Mtech Thesis Project – IIT Guwahati.
Website and Dataset used
This project is my M.Tech thesis work, focused on developing a data-driven framework for classifying hand gestures using surface Electromyography (sEMG) signals.
The long-term goal is to enable intelligent and intuitive control of hand exoskeletons, which can aid rehabilitation and assistive technologies.
- Build a pipeline for preprocessing raw EMG signals (amplification, filtering, segmentation).
- Extract time, frequency, and statistical features to create structured feature matrices.
- Apply machine learning algorithms (Random Forest, SVM, Extra Trees) for gesture classification.
- Implement Non-Negative Matrix Factorization (NMF) to uncover muscle synergies and reduce dimensionality.
- Achieve high classification accuracy and provide insights into the data lifecycle.
- Languages: Python (NumPy, Pandas, SciPy, scikit-learn, Matplotlib)

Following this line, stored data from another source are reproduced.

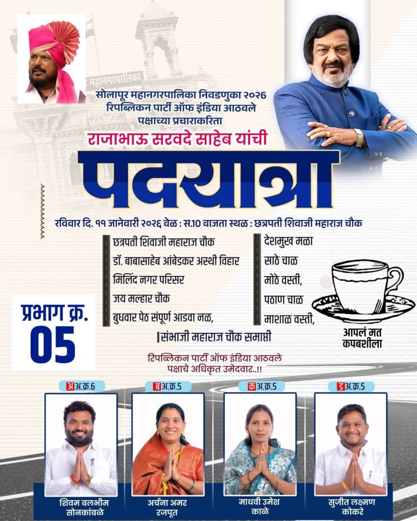 सोलापूर दि. 10 : रिपब्लिकन पार्टी ऑफ इंडिया आठवले पक्षाचे सोलापूर महानगरपालिका सार्वत्रिक निवडणुकीचे प्रभाग पाचचे अधिकृत उमेदवार शिवम बलभीम सोनकांबळे, अर्चना अमर रजपूत, माधवी उमेश काळे, सुजीत लक्ष्मण कोकरे यांच्या प्रचारार्थ महाराष्ट्र प्रदेश अध्यक्ष राजाभाऊ सरवदे यांची भव्य पदयात्रा आयोजित करण्यात आली आहे.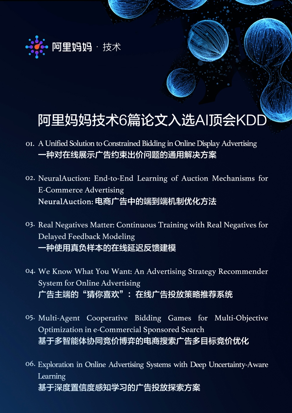 记者了解到,阿里妈妈技术团队共有 6 篇论文入选,涵盖深度学习、端到端机制优化、协同竞价博弈、投放策略推荐等多个 AI 方向,这是阿里妈妈官方首次公布其在顶会的论文接收情况。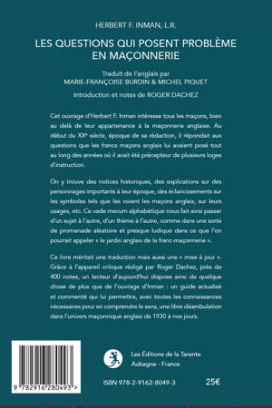 Cet ouvrage d’Herbert F. Inman intéresse tous les maçons, bien au delà de leur appartenance à la maçonnerie anglaise. Au début du XXe siècle, époque de sa rédaction, il répondait aux questions que les francs maçons anglais lui avaient posé tout au long des années où il avait été précepteur de plusieurs loges d’instruction. On y trouve des notices historiques, des explications sur des personnages importants à leur époque, des éclaircissements sur les symboles tels que les voient les maçons anglais, sur leurs usages, etc. Ce vade mecum alphabétique nous fait ainsi passer d’un sujet à l’autre, d’un thème à l’autre, comme dans une sorte de promenade aléatoire et presque ludique dans ce que l’on pourrait appeler « le jardin anglais de la franc-maçonnerie ». Ce livre méritait une traduction mais aussi une « mise à jour ». Grâce à l’appareil critique rédigé par Roger Dachez, près de 400 notes, un lecteur d’aujourd’hui dispose ainsi de quelque chose de plus que de l’ouvrage d’Inman : un guide actualisé et commenté qui lui permettra, avec toutes les connaissances nécessaires pour en comprendre le sens, une libre déambulation dans l’univers maçonnique anglais de 1930 à nos jours.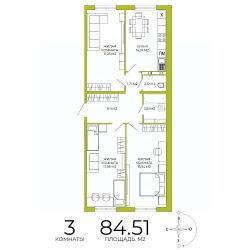 Продаётся 3-комнатная квартира в строящемся доме (дом 3), срок сдачи: IV-кв. 2026, общей площадью 84.51 кв.м., на 4 этаже. Дизайнерская отделка.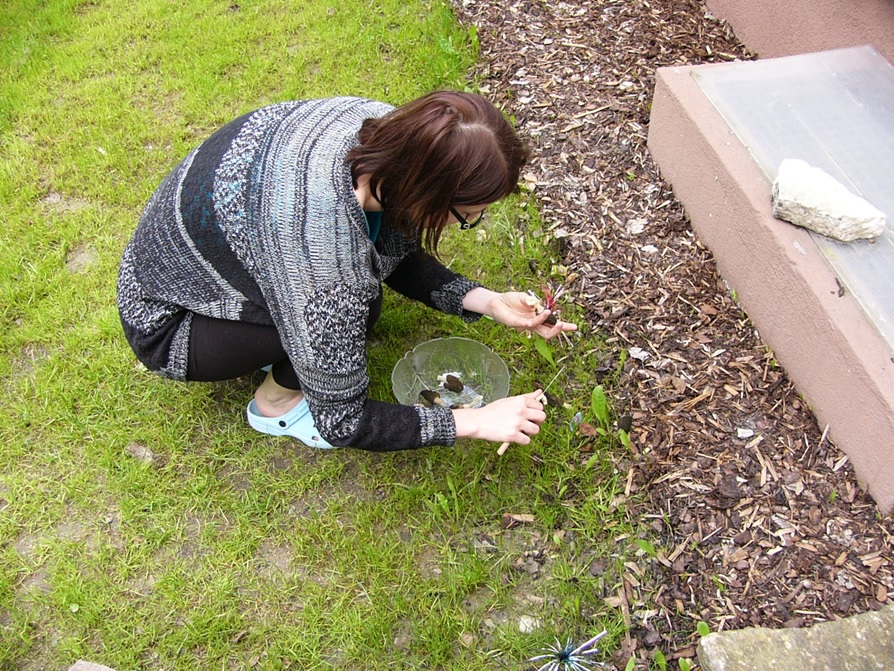 Einige kleinere Exemplare wurden stehengelassen, da nochmal Regen angesagt war. Die sollen dann getrocknet werden und heute wurden wieder einige größere davon geerntet. Aber was man innen so alles findet ... Schnecken, Kellerasseln und ... seht selbst: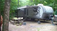 Everyone slept late this morning, with Hubby and I waking up to the sound of hearing our niece creeping into the RV. She did such a quiet job, neither one of our fearless watch dogs even moved! That was almost nine, so we got up right afterward. Breakfast soon followed, then a lesson in getting her horse ready to go (Hubby generously helped her get his Clio ready), then we finally headed north out of the camp, to explore the two loops that Hubby and I didn’t take on our Wednesday ride. More of the same wide gravel trails in deep woods, though not as many climbs or as steep grades, and no water crossings, which was probably good for a first day for her. There was a breeze from the north that chilled things a bit, and we both had to put on a long shirt over our t-shirts. Ended up doing about 4 miles, out under 90 minutes, which again, is a good ride for a novice. We don’t want to wear her out on her first day! Once we got back to camp, we tackled the job of setting up the high-line post, which didn’t take long, and seemed to work fairly well. We put the horses on it and watched for awhile, and all seemed well. A while later, the post got pulled down by Apollo because he wrapped himself around the end then tried to turn back toward his hay bag on the other side. We set it back up and tightened down some more, and we had no more trouble with that the rest of the day. Decided to have a rare campfire to cook bratwurst, but the wood was so wet it took quite a lot of doing in order to get it started, but we managed to do it, and to indulge on s’mores afterwards. It was a very nice evening, and delightful spending time with my niece. We watched a horsey movie until about 10, then everyone went off to bed.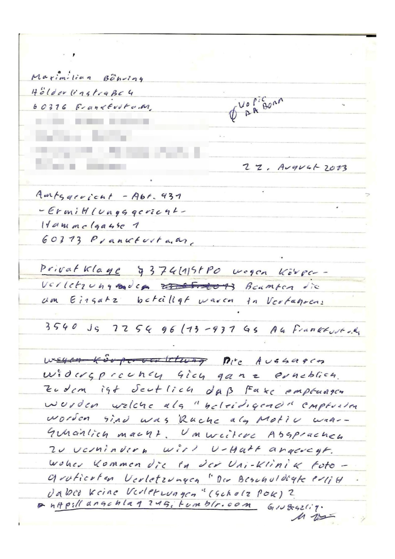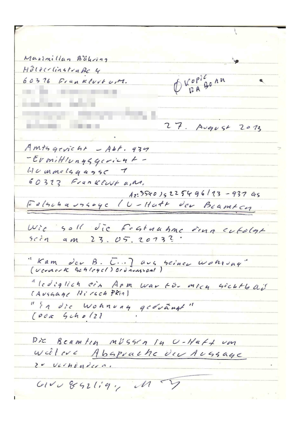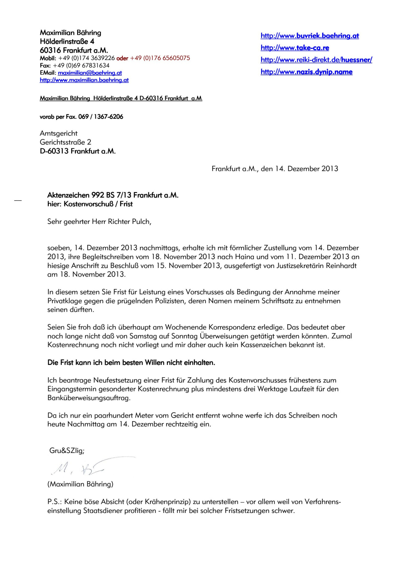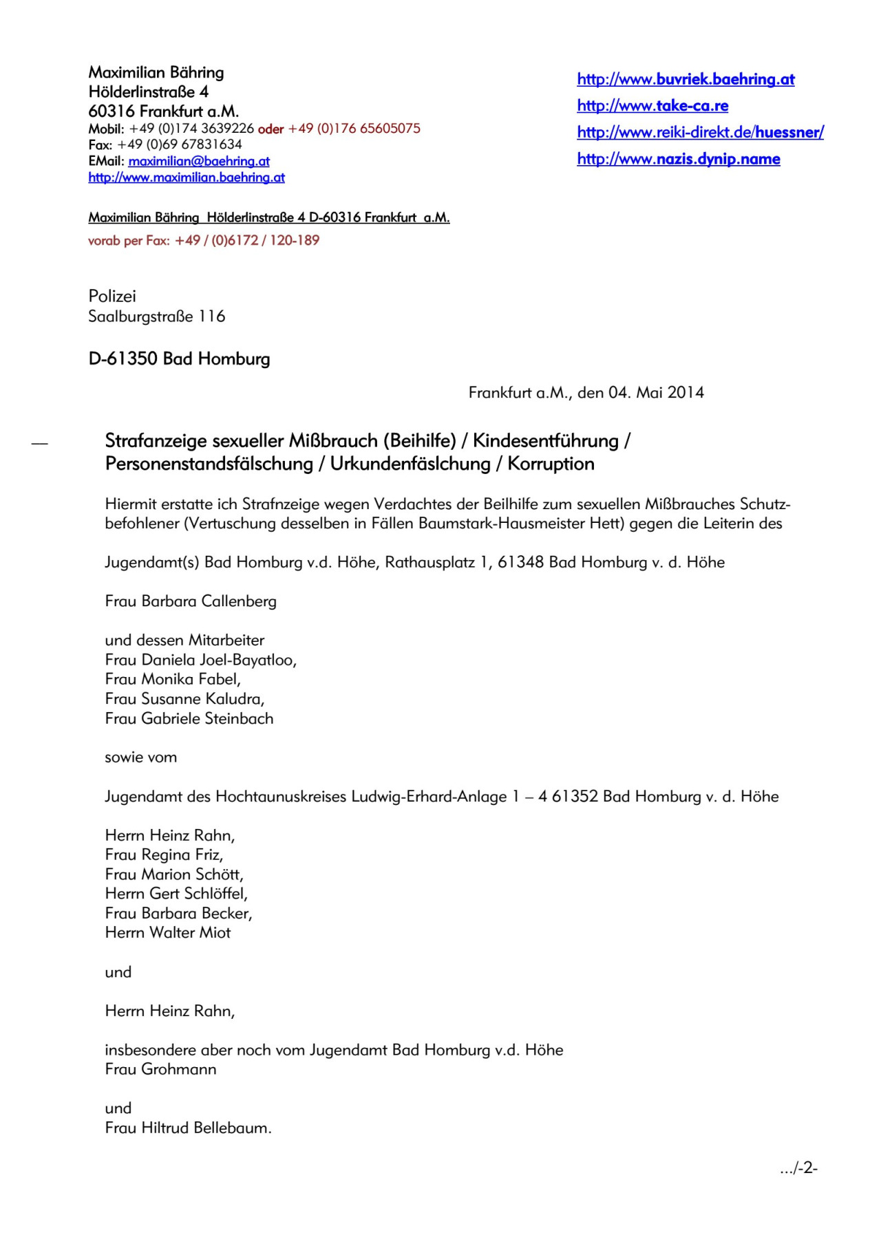 60316 Frankfurt a.M. Mobil: +49 (0)174 3639226 oder +49 (0)176 65605075 Fax: +49 (0)69 67831634 EMail: maximilian@baehring.at http://www.maximilian.baehring.at/ http://www.buvriek.baehring.at/ http://www.take-ca.re/ http://www.reiki-direkt.de/huessner/ http://www.nazis.dynip.name/ Maximilian Bähring Hölderlinstraße 4 D-60316 Frankfurt a.M. vorab per Fax: 069/1367-2100 Herrn Oberstaatsanwalt Dr. König mittels Generalstaatsanwaltschaft Zeil 42 D-60313 Frankfurt a.M. Frankfurt a.M., den 05. Mai 2014 Strafanzeige gegen Yvonne Vekony 48 XIV BAE 537/12L Amstgericht Frankfurt a.M. Hasselhorstweg 41 60599 Frankfurt a.M. Nicole McNally 48 XIV 566/12L Amstgericht Frankfurt a.M. Schlossgasse 3 35390 Gießen Rechtanwältin 48 XIV 459/13L Amstgericht Frankfurt a.M. Vera Darmstadt Monisstrae 7 60320 Frankfurt a.M. jeweils wegen Untreue, Betrug und sexistisch und politisch motivierter Beihilfe zu Erpressung und Kindesentführung nach § 235 (4) StGB Sehr geehrter Herr Dr. König, alle drei Damen wurden mir seinerzeit aufs Auge gedrückt, keien von beiden hat sich um irgendetwas gekümmert außer 144 Euro vom Staat fürs nichtstun zu kassieren. Frau Vekony hat sogar noch die Frerchheit besessen die Situation nochmal zu meinen Lasten zu verschlimmern. Bitte sorgen Sie dafür daß alle drei keienrlei Verfahrenspfleg- schaften mehr bekommen. Gru&SZlig; (Maximilian Bähring) +++ Maximilian Bähring Hölderlinstraße 4 60316 Frankfurt a.M. Mobil: +49 (0)174 3639226 oder +49 (0)176 65605075 Fax: +49 (0)69 67831634 EMail: maximilian@baehring.at http://www.maximilian.baehring.at/ http://www.buvriek.baehring.at/ http://www.take-ca.re/ http://www.reiki-direkt.de/huessner/ http://www.nazis.dynip.name/ Maximilian Bähring Hölderlinstraße 4 D-60316 Frankfurt a.M. vorab per Fax: 0641 / 7006-3069 Polizei Berliner Platz 1 D-35390 Gießen Frankfurt a.M., den 05. Mai 2014 Kenntnisnahme Veranlassung Gru&SZlig; (Maximilian Bähring) +++ Maximilian Bähring Hölderlinstraße 4 60316 Frankfurt a.M. Mobil: +49 (0)174 3639226 oder +49 (0)176 65605075 Fax: +49 (0)69 67831634 EMail: maximilian@baehring.at http://www.maximilian.baehring.at/ http://www.buvriek.baehring.at/ http://www.take-ca.re/ http://www.reiki-direkt.de/huessner/ http://www.nazis.dynip.name/ Maximilian Bähring Hölderlinstraße 4 D-60316 Frankfurt a.M. vorab per Fax: 0641 / 934 - 3302 Staatsanwaltschaft Marburger Straße 2 D-35390 Gießen Frankfurt a.M., den 05. Mai 2014 Kenntnisnahme Veranlassung Gru&SZlig; (Maximilian Bähring) P.S. Freitag rief mich ein Herr Denis Pascal Stephan vo,m Kreistag an bei Ihnen würde gegen die Psychiatrie demonstriert. +++ Maximilian Bähring Hölderlinstraße 4 60316 Frankfurt a.M. Mobil: +49 (0)174 3639226 oder +49 (0)176 65605075 Fax: +49 (0)69 67831634 EMail: maximilian@baehring.at http://www.maximilian.baehring.at/ http://www.buvriek.baehring.at/ http://www.take-ca.re/ http://www.reiki-direkt.de/huessner/ http://www.nazis.dynip.name/ Maximilian Bähring Hölderlinstraße 4 D-60316 Frankfurt a.M. vorab per Fax: 069 / 17 00 98 - 50 Rechtsanwaltskammer Frankfurt am Main Bockenheimer Anlage 36 D-60322 Frankfurt am Main^ Frankfurt a.M., den 05. Mai 2014 Kenntnisnahme Veranlassung Gru&SZlig; (Maximilian Bähring) [0] "201405040752-84748932454-0.jpg" [1] "201405040752-84748932454-1.jpg" [2] "201405040752-84748932454-2.jpg" |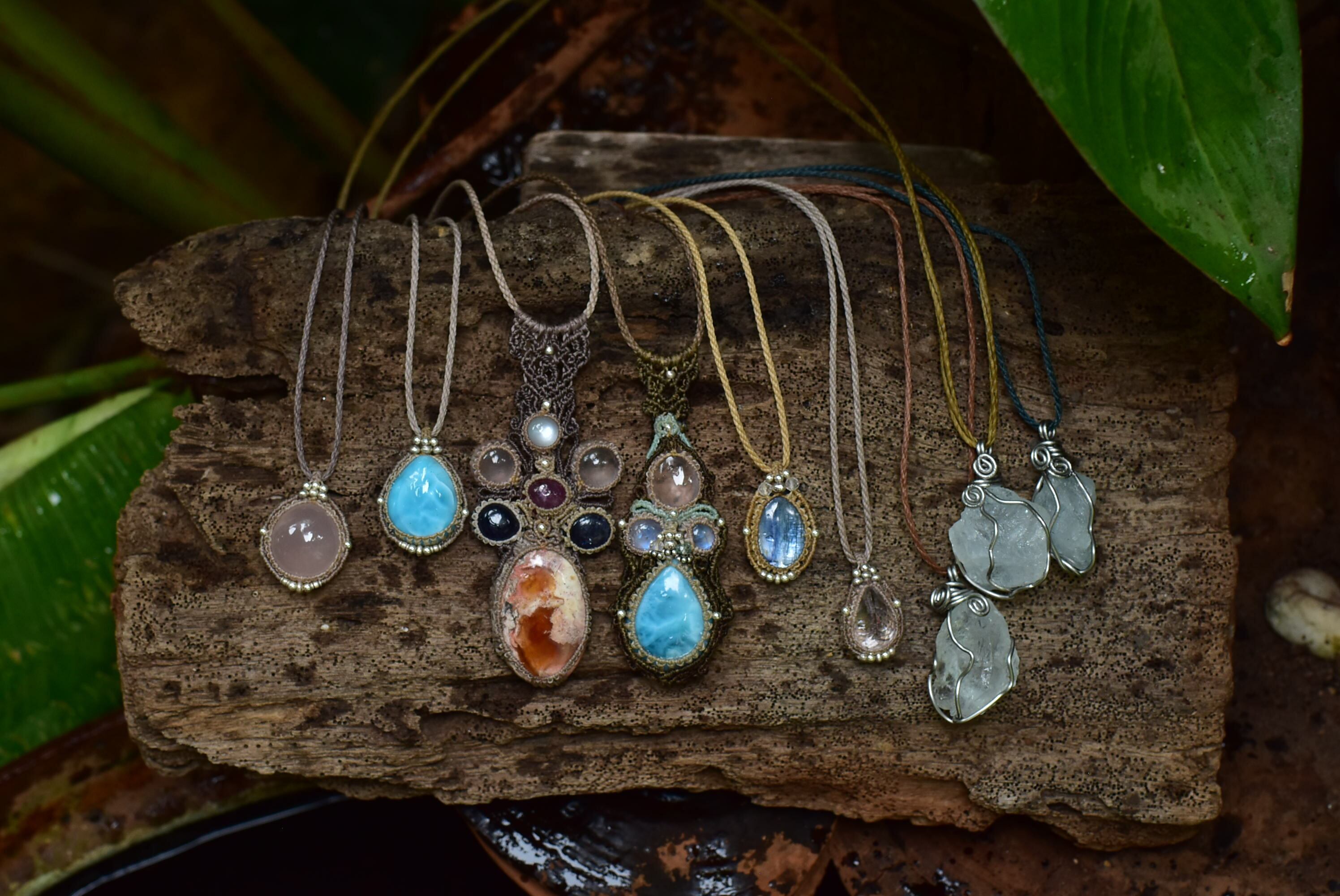 自然の原石の天然石の形をフォローしたワイヤーワークをお楽しみください。

- Techniques: Feature Engineering, Signal Processing, Dimensionality Reduction, Machine Learning
- Models: Random Forest, K-nearest neighbours, Extra Trees Classifier, Non-Negative Matrix Factorization (NMF)
- Processed and analyzed multi-channel EMG data from 8 muscles, 15 gestures, 8 subjects.
- Achieved 98% classification accuracy using Random Forest, SVM, and Extra Trees.
- Extracted 2 dominant muscle synergies using NMF with Variance Accounted For (VAF) > 95%.
- Built a robust, reproducible pipeline from raw EMG signals to final gesture classification.